Take a day trip to the countryside for winter sports
Not far from Tallinn you can venture into the Estonian countryside to take part in winter sports or have some fun in the snow. Go sledging in one of the parks, take a husky sled ride or even go cross country skiing.
Sample the gingerbread
It can’t be Christmas without a gingerbread something, and every December Tallinn hosts a gingerbread design exhibition where people can submit gingerbread creations. If taking part isn’t your thing and you prefer to eat it instead, then the best in the city can be found at The Bonaparte restaurant.
Experience the twilight views over the city
Tallinn has a number of viewing platforms that on a crisp clear winter night give some of the most incredible views over the old town.
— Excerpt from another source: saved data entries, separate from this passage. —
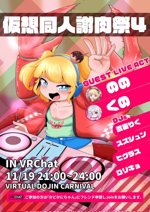 【告知】 仮想同人謝肉祭4( #かどかに ) 📆11/19(金) JST21:00〜 📍VRChat かどかに、またまたVRCにて開催決定!🎉 今回はくまのこべあーずより、ののさん、くのさんにゲストでお越しいただきます!! かわいい同人音楽をたくさん浴びて、最高の華金にしましょうね〜✨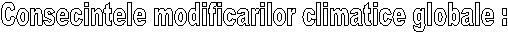 - cresterea temperaturii medii in mai mare masura spre zonele polare decat in cele tropicale poate produce o deplasare a zonelor climatice . La latitudini medii de 45o - 60o acesta poate fi cuprinsa intre 150 si 550 km. Tot aici este posibila si deplasarea etajelor climatice cu consecinte grave si greu de imaginat asupra ecosistemelor naturale si agricole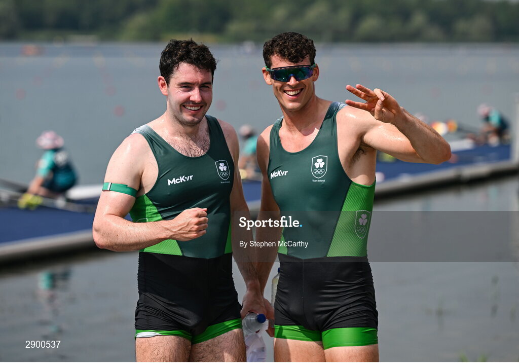 1 August 2024; Philip Doyle, left, and Daire Lynch of Team Ireland celebrate after winning bronze in the men's double sculls A final at Vaires-sur-Marne Nautical Stadium during the 2024 Paris Summer Olympic Games in Paris, France. Photo by Stephen McCarthy/Sportsfile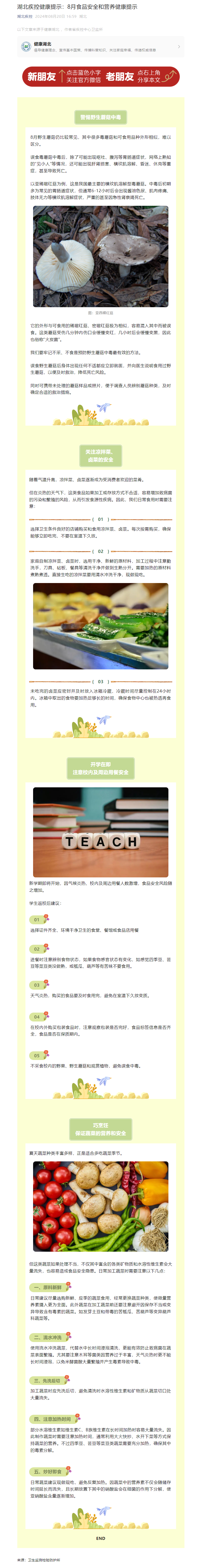 湖北疾控健康提示:8月食品安全和營養健康提示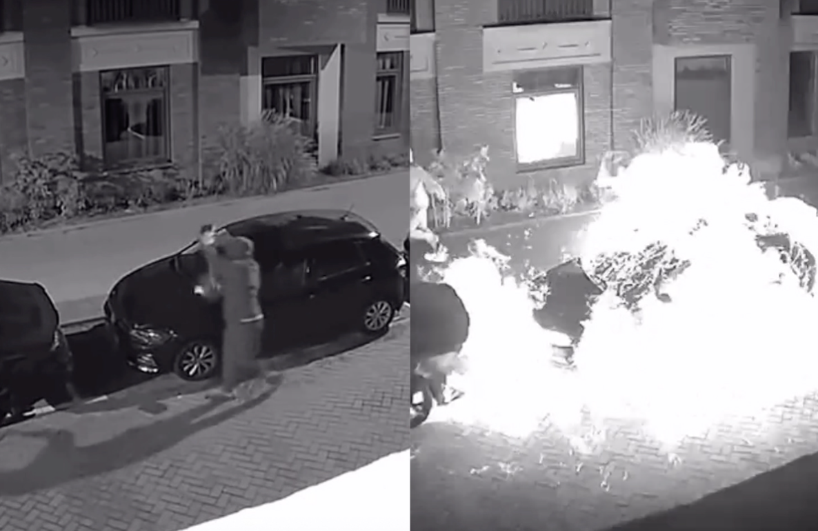 De video toont een auto die vlam vat en binnen korte tijd hevig brandt. Mensen op straat reageren geschrokken. Er is rookvorming en het vuur verspreidt zich snel door het voertuig. Opnames van voorbijgangers laten de stress en de verbijstering zien; telefoontjes naar hulpdiensten, mensen die terugdeinzen en automobilisten die hun route aanpassen.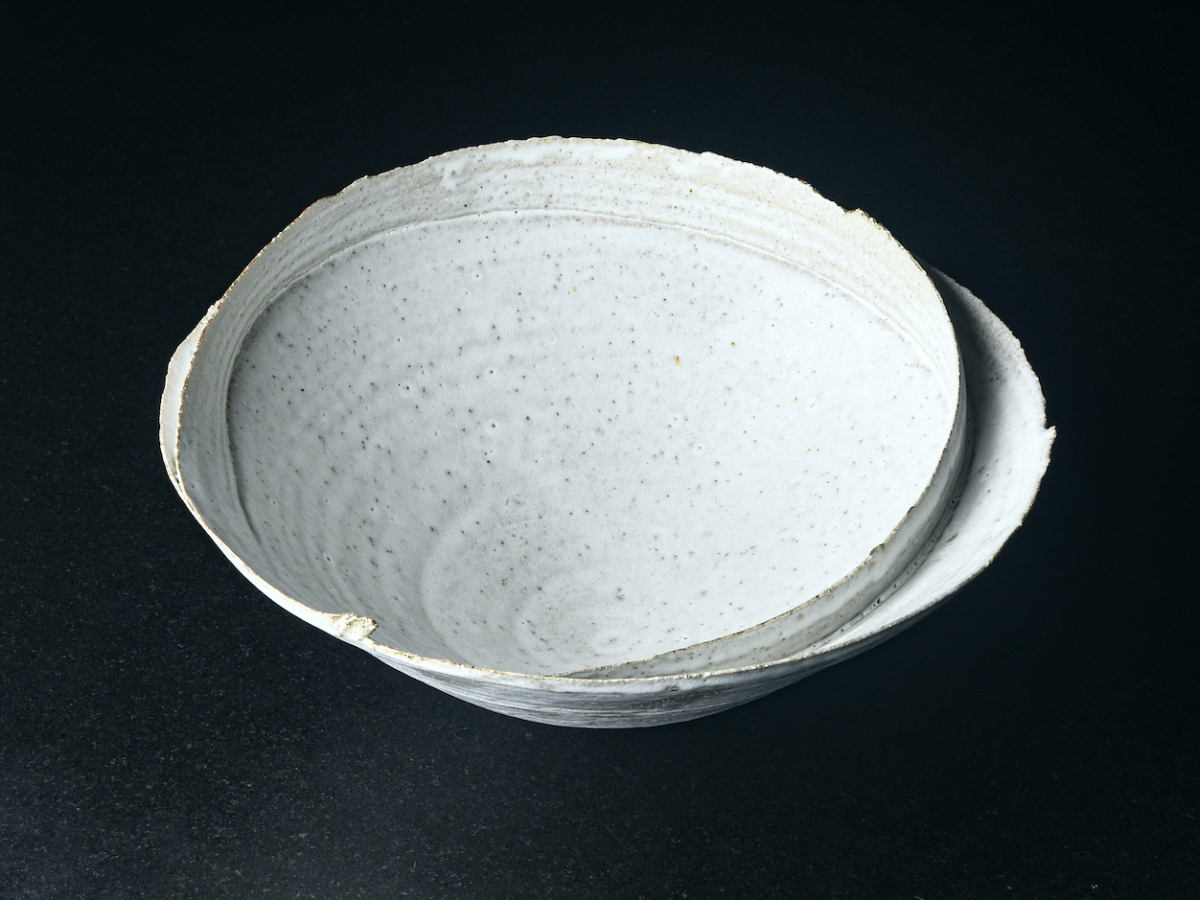 My vessels start life as thrown forms which I make on the wheel before cutting, joining and distorting. Oxides and engobes are used sparingly to enhance details, before glazing with my quiet palette of glazes.

The red rooftops covered in a layer of snow and the glowing lights coming from the windows make the city look like a fairytale. For a full list of the best views in Tallinn take a look at this post, but the two best are Kohtuotsa and Patkuli.
Buy some roasted nuts from a street stall
As you wander round both upper and lower Tallinn you’ll notice the little stalls, usually orange and white stripy with medieval looking women behind them. They sell winter warmers such as hot drinks and roast nuts to snack on, so you can often find them near the popular tourist spots and views.
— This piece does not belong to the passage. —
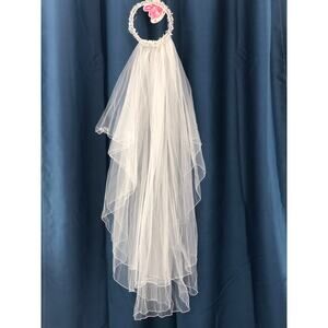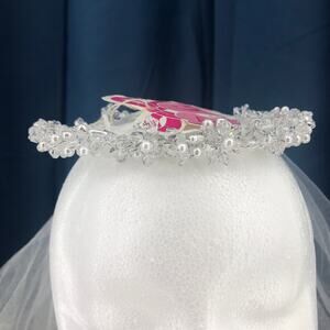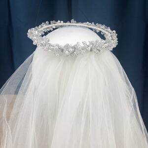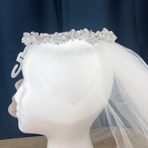T&G VINTAGE 90's (39in) White Faux Pearl Crystal Wire Beaded Bridal Halo Veil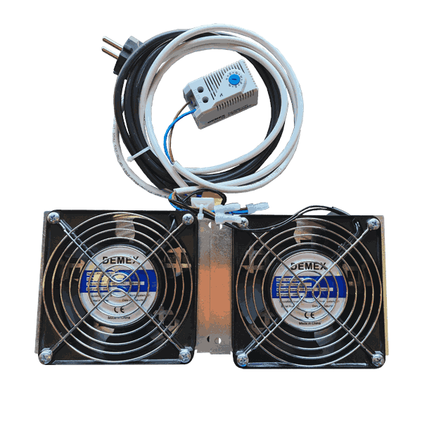 Settet betår av 2 Vifter og en Analog termostat

Go to a carol service in one of Tallinn’s many churches
For such a small place Tallinn is full of churches, none more grand and extravagant than the Alexander Nevsky cathedral. Visit to hear the bells ring and the choirs sing Christmas carols.
Visit Maiasmokk cafe, famous for marzipan
Whether you love it or hate it marzipan is one of those Christmassy sweet treats that appear every year, and it’s thought that it originated from Tallinn in the Middle Ages. Maiasmokk cafe is located in the old town and is the oldest cafe in Tallinn. Inside you can learn all about the history of marzipan in the museum, which is an entire room dedicated to the marzipan story, but you can visit to just enjoy the cafe for a coffee or cake too.
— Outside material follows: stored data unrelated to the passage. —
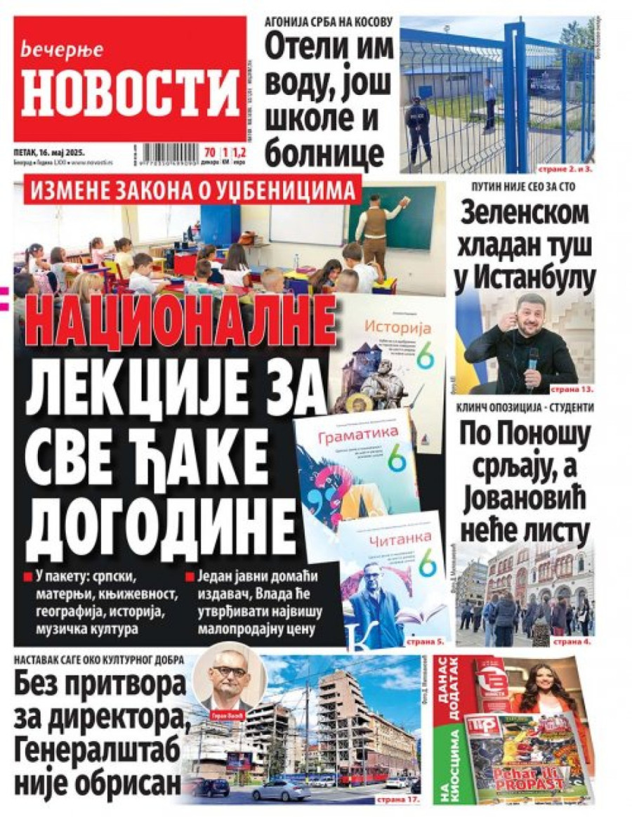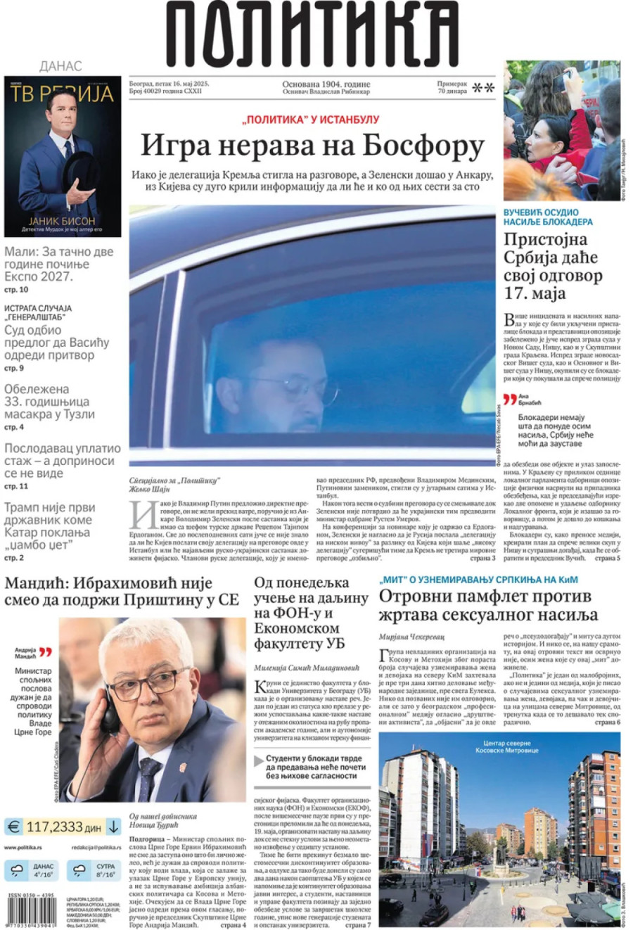 Dnevne novine u Srbiji za petak, 16. maj 2025. godine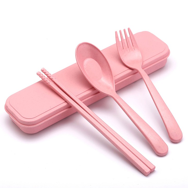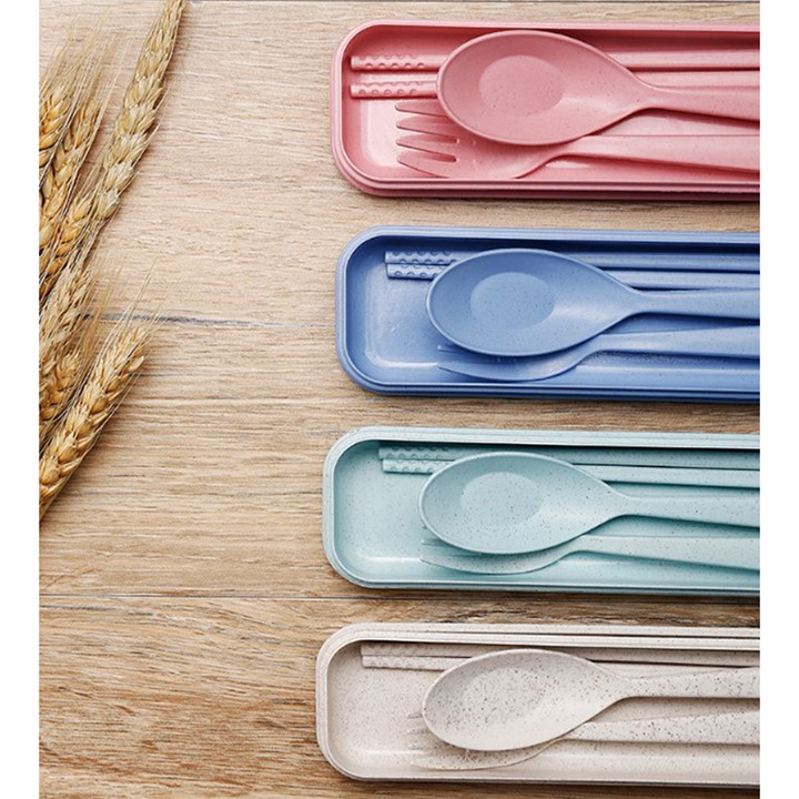 Bộ thìa dĩa đũa muỗng nhựa lúa mạch có hộp cá nhân tiện lợi văn phòng học sinh viên vệ sinh an toàn nhiều màu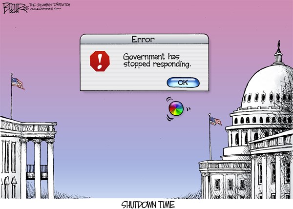 Funny cartoon by Nate Beeler.  Error: The Government has stopped responding.

Take a photo of the colourful Catherine’s Passage in the snow
Found opposite the Telegraph hotel is a narrow passageway that might appear a bit daunting at first, but once you emerge into the little courtyard you’ll find the most colourful buildings surround you. It looks even prettier in the snow.
Take a ride on the Old Town train
Tallinn old town is pretty small, but still the cobbled streets and steep banks up the hill can make it difficult to wander around in the snow. Hop on the cute little Tallinn train for a short ride around the city. Take your camera too because you’ll really appreciate all the gorgeous coloured little buildings everywhere.
Tallinn is a truly unique city, and one that I really enjoyed visiting in winter. I’m not sure it would have the same charm in the summer, so if you’re looking for a winter city break to somewhere unusual where you can do all sorts of activities, and really embrace the season then Tallinn should be pretty high up on your list.